Our results suggest that image features could enhanced prediction accuracy for Rs and NRs to NAC in MIBC and provide potentially more stable performance in comparison to a baseline model of only conventional clinicopathologic variables. We explored potential synergistic effects with different combinations of feature categories and observed that the addition of imaging-derived features from the H&E-derived features to standard clinical and demographic information in this context (strategy V) is able to improve performance from baseline to achieve cross-validation estimated accuracy of 69.17% in the discovery cohort based on 0.5 model threshold, in which we observe an enriched response rate of 64.64% in predicted responders relative to the baseline response rate of 38.03% in the discovery cohort.
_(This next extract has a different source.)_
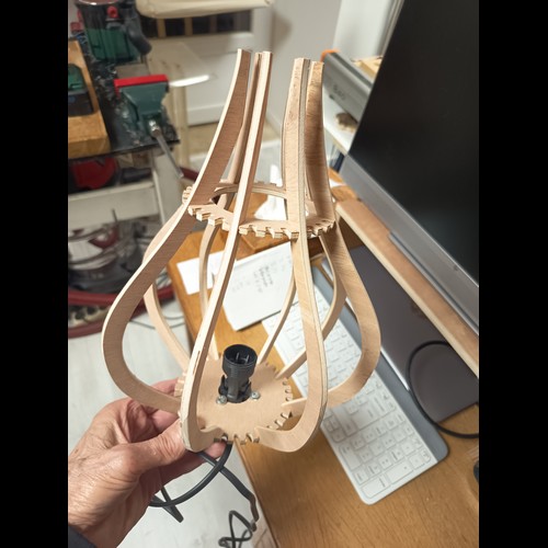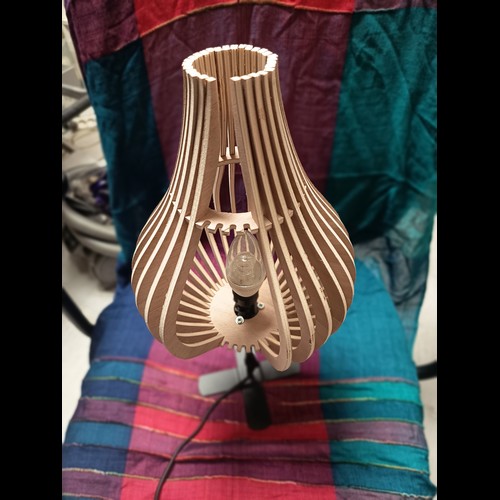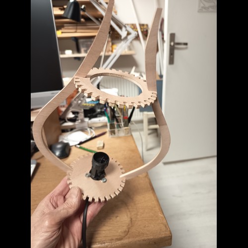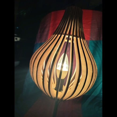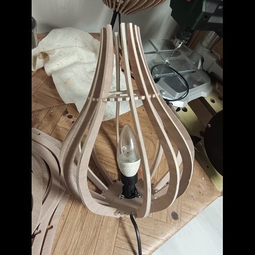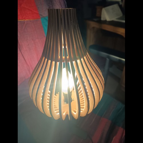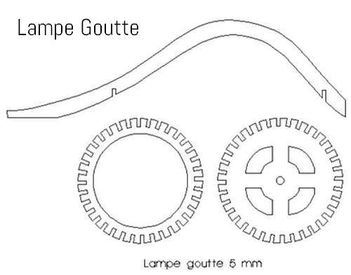 Kit à monter par simple pression au moyen des encoches. Une lampe originale livrée à plat, qui prend son volume une fois montée, par un ingénieux système d'encoches. Avec un petit supplément (6€), vous pouvez recevoir en plus la monture avec douille à vis E27 ou E14, pour installer votre lampe au plafond, ou la poser sur une table. A préciser dans le choix des options.

Importantly, in an independent validation cohort, the applicable model trained on the discovery cohort is able to achieve comparable accuracy of 65.82% and enriched response rates of 64.71% in predicted responders as compared to the baseline response rate of 40.51% in this cohort. Hence, a similar ability of the model to enrich for responders is observed across discovery and validation cohort, attesting to the generalizability of the approach. These promising results, however, are based on relatively smaller sized cohorts and will need additional validation with larger sized cohorts in addition to the need to aggregate information from multiple sampling points from a given sample/patient. Consistent with the previous reports from this cohort, the CD8/FoxP3 ratio metric derived from human interpretation is a significant predictor of response (mean ACC = 72.62%; mean AUC = 0.68). However, the variability of these measures in cross-validation of the discovery cohort overlapped the performance estimates of models that use H&E only (i.e., no IHC-stained sections). Additionally, only an H&E-stained section from the validation cohort was available for assessment of generalizability. Taken together, the results from the discovery cohort suggest that the inclusion of the salient IHC staining of key tumor and immunological biomarkers will increase performance, but based on the limited size of this dataset, we cannot establish this at this point.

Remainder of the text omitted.